In other words, the first object to be inserted in the stack is the last one to be deleted. This policy is known by the acronym LIFO (= Last In First Out).

Table of contents:

Implementation in an array
Application: parentheses and brackets
Another application: Polish notation
Resizing array implementation
Linked list implementation of a stack
Appendix: The execution stack of a program

Implementation in an array

Let's assume that our stack is stored in an array stk[0..N-1]. (The nature of the elements of the array is irrelevant: they may be integers, bytes, pointers, etc.) Let's say that the part of the array occupied by the stack is

stk[0..t-1] .

The index t indicates the first free position in the array and t-1 is the top of the stack. The stack is empty if t is 0 and full if t is N. In the figure below, the characters A, B, … , H were inserted into the stack in this order:

`0`								`t`			`N-1`
A	B	C	D	E	F	G	H

To delete an element from the stack — this operation is known as a pop — do

   x = stk[--t];

This is equivalent to the pair of instructions t -= 1; x = stk[t];. Of course you should never attempt to pop an empty stack.
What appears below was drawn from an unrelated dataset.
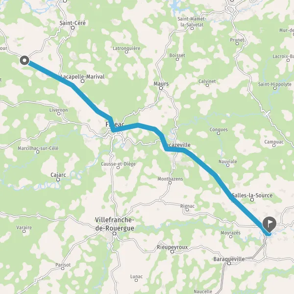 Au rond-point, prendre la 1ère sortie sur D840 (Route de Decazeville) et continuer sur 5,6 kilomètres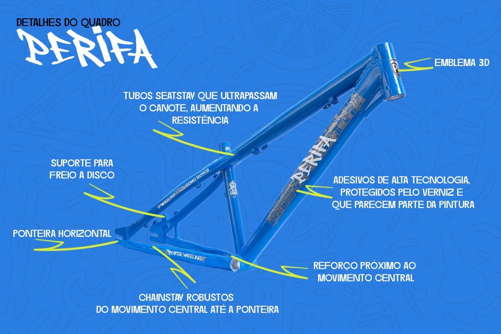 O design robusto e moderno do quadro PERIFA do Portal Wheeling é um destaque por si só. Sua aparência única certamente atrairá olhares de admiração, pois possui tubos largos, com curvas diferenciadas e adesivos que representam a modalidade Wheeling.

To insert an object y into the stack — the operation is kown as a push — do

   stk[t++] = y;

This is equivalent to the pair of instructions stk[t] = y; t += 1;. Of course you shoud never attempt to push onto a full stack.

To make the code easier to read, it is convenient to wrap these operations into two small functions. If the elements of the stack are of type char, these functions are

char pop (void) {
   return stk[--t];
}

void push (char y) {
   stk[t++] = y;
}

(These two functions have the additional benefit of isolating the user of the stack from the particular names of variables and design decisions, like stk[0..t-1] instead of stk[0..t], for example.)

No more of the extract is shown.